¹ IRAMAT, UMR-7065, Université Technologique de Belfort-Montbéliard, 90010 Belfort Cedex, France.
² Smart Structural Health Monitoring and Control Lab (SSHMC) Lab, DGUT-Cnam Institute, Dongguan University of Technology, D1, Daxue Rd., Songshan Lake, Dongguan, Guangdong Province, P.R. China
³ School of Energy Science and Engineering, Henan Polytechnic University, Jiaozuo 454003, China
⁴ Jiaozuo Engineering Research Center of Road Traffic and Transportation, Henan Polytechnic University, Jiaozuo, Henan 454000, China

^a) haochen.chang@utbm.fr
^b) guweifan1@126.com
^c) guobaohua@139.com
^d) david.bassir@utbm.fr

Abstract

Ensuring the structural safety of civil infrastructure is vital for public welfare and cost-effective maintenance. Crack detection, as a key indicator of structural health, has transitioned from traditional image processing to advanced deep learning methods.
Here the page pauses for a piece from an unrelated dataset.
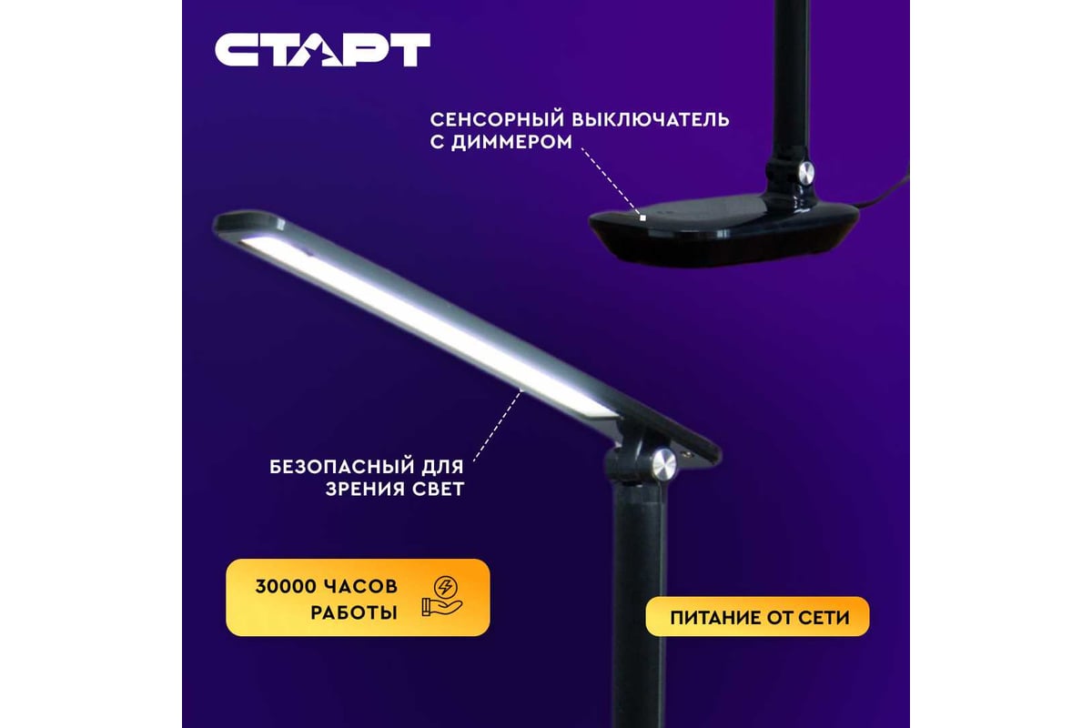 Настольный светодиодный светильник СТАРТ ст111 черный с сенсорным переключателем 14673
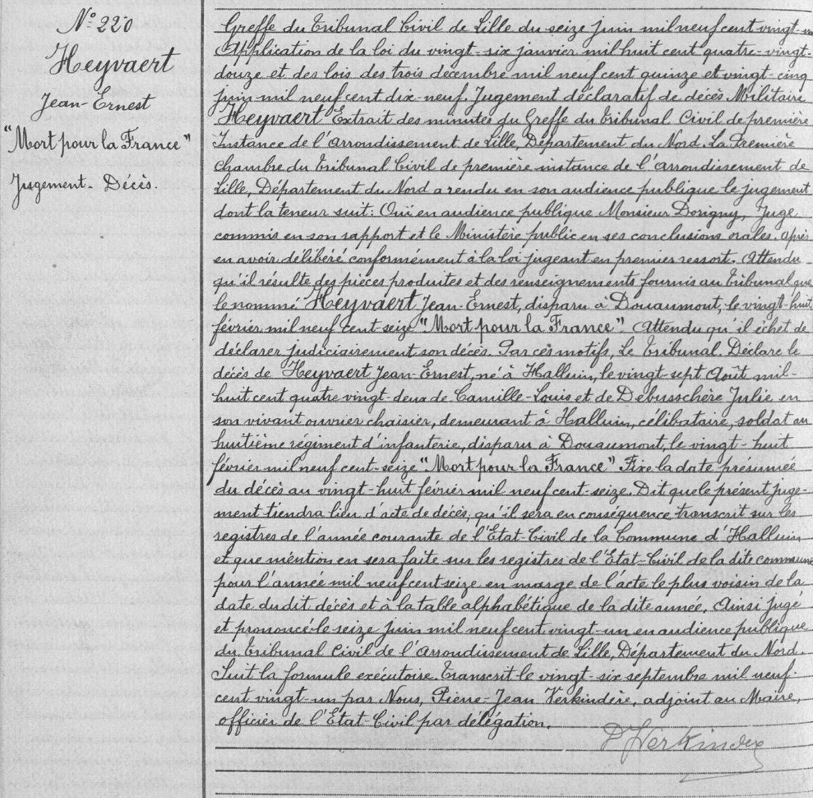 Transcription à l'état-civil d'Halluin du décès "mort pour la France" de Jean Heyvaert.

This paper presents a systematic review of crack detection technologies organized under a novel “method-scenario” framework that categorizes techniques based on their underlying algorithms and the specific application contexts (e.g., pavements, bridges, tunnels, and specialized materials). By comparing conventional image processing approaches with modern deep learning models and multi-modal fusion techniques, we highlight the strengths and limitations of each method in various real-world scenarios. Our analysis reveals critical challenges—including data scarcity, sensitivity to noise, and the gap between theoretical models and practical deployment—which must be addressed to enhance reliability and generalizability. We conclude by proposing future research directions focused on integrating physics-based constraints with lightweight computational models and establishing unified evaluation protocols to bridge the gap between laboratory precision to engineering implementation.